• No results found

Why cryptocurrencies will change the world

Part II – Ethics of cryptocurrencies

7.3 Why cryptocurrencies will change the world

In the speed of modern times new discoveries are constantly being made and technology is developing further and further. With the advent of cryptocurrencies, this could very well be the start of a much greater progress. Perhaps it is still unlikely for some people at this point, but once you understand blockchain technology you may expect that cryptocurrency is not going anywhere anytime soon. One indication is that rising demand points to increasing acceptance.

Sooner or later cryptocurrencies will change the world for a number of reasons. Decentralization is a key element in blockchain technology and the fact that you can transact cryptocurrencies without an intermediary is one of the essential features with significant repercussions. Increasing your privacy is one of them.

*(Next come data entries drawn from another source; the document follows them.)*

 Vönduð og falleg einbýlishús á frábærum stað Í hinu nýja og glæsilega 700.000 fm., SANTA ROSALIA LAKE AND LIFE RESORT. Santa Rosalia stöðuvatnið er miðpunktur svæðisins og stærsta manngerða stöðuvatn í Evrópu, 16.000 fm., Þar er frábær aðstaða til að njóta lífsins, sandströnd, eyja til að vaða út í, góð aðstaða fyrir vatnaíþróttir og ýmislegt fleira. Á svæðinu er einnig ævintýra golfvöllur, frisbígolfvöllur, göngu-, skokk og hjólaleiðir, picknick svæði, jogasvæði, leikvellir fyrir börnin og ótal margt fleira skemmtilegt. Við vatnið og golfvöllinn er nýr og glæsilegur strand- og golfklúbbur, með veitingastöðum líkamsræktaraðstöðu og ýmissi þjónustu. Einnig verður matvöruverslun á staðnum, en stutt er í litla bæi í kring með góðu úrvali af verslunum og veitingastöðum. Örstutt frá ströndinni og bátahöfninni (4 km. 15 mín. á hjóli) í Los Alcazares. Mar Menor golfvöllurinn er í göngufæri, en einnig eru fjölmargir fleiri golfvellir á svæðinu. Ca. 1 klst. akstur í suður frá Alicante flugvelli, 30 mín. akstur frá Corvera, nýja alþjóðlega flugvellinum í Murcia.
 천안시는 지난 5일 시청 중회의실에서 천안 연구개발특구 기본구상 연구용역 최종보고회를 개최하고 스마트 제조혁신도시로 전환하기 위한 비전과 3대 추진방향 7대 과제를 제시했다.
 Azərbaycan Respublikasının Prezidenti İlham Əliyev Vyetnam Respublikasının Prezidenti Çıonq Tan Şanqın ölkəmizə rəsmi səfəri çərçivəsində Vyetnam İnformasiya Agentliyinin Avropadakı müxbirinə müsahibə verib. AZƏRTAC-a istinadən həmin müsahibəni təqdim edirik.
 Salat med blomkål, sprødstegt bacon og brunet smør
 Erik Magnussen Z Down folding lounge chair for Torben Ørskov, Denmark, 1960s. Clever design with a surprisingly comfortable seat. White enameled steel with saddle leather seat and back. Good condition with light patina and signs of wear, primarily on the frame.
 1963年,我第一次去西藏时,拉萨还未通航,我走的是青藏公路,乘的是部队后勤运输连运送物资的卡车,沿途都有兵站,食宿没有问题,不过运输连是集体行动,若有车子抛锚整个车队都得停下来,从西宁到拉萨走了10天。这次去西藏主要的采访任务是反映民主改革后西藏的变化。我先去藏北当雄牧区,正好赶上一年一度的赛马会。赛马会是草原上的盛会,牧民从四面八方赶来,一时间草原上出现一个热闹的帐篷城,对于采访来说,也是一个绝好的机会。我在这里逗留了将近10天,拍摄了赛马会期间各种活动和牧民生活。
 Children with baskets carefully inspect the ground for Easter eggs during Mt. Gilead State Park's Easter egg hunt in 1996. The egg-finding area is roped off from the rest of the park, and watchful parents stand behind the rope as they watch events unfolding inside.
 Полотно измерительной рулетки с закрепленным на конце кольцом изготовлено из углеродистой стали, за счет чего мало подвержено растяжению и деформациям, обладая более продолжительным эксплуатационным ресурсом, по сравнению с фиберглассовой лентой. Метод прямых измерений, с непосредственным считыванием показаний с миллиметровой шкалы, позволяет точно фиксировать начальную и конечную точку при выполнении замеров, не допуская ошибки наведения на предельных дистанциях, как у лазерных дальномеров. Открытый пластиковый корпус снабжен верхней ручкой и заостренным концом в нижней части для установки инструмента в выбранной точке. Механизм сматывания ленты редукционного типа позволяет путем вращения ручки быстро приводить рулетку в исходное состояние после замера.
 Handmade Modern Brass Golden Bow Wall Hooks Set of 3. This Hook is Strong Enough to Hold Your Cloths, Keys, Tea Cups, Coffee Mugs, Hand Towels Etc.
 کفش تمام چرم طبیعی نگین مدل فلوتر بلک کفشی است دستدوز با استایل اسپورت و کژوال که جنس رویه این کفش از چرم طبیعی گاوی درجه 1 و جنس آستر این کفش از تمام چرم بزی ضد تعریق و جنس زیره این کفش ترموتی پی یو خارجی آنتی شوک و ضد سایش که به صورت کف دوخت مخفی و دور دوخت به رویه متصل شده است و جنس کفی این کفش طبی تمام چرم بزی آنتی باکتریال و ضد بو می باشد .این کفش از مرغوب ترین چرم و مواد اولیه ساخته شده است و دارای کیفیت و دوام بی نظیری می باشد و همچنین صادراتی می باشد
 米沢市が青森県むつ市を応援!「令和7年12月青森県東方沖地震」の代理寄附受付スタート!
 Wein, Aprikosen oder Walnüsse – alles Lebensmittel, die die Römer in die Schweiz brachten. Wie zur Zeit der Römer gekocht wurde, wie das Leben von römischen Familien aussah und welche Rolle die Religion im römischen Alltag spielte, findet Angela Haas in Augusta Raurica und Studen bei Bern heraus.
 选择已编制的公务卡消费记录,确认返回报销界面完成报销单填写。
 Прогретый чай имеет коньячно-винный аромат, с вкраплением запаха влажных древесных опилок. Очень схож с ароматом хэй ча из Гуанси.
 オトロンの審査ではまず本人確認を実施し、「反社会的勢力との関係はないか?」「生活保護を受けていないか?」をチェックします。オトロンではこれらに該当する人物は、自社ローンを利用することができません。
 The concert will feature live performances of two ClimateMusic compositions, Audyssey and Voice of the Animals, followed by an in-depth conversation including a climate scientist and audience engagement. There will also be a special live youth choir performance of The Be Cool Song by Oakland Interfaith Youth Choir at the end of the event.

Seeing what banks ask of you to have your own money, it may be very attractive for people to make free and anonymous transactions on the blockchain without all your movements being monitored.

Not everyone who wants more privacy for their financial transactions is a criminal for that one and only reason; There may be very good other and legitimate reasons not to let banks and governments monitor your spending pattern, like protecting your informational and decisional privacy. Regular media publications about data breaches at companies or institutions through which privacy-sensitive information can be exposed or misused by criminals will make many feel uncomfortable when they have to leave their identification data online.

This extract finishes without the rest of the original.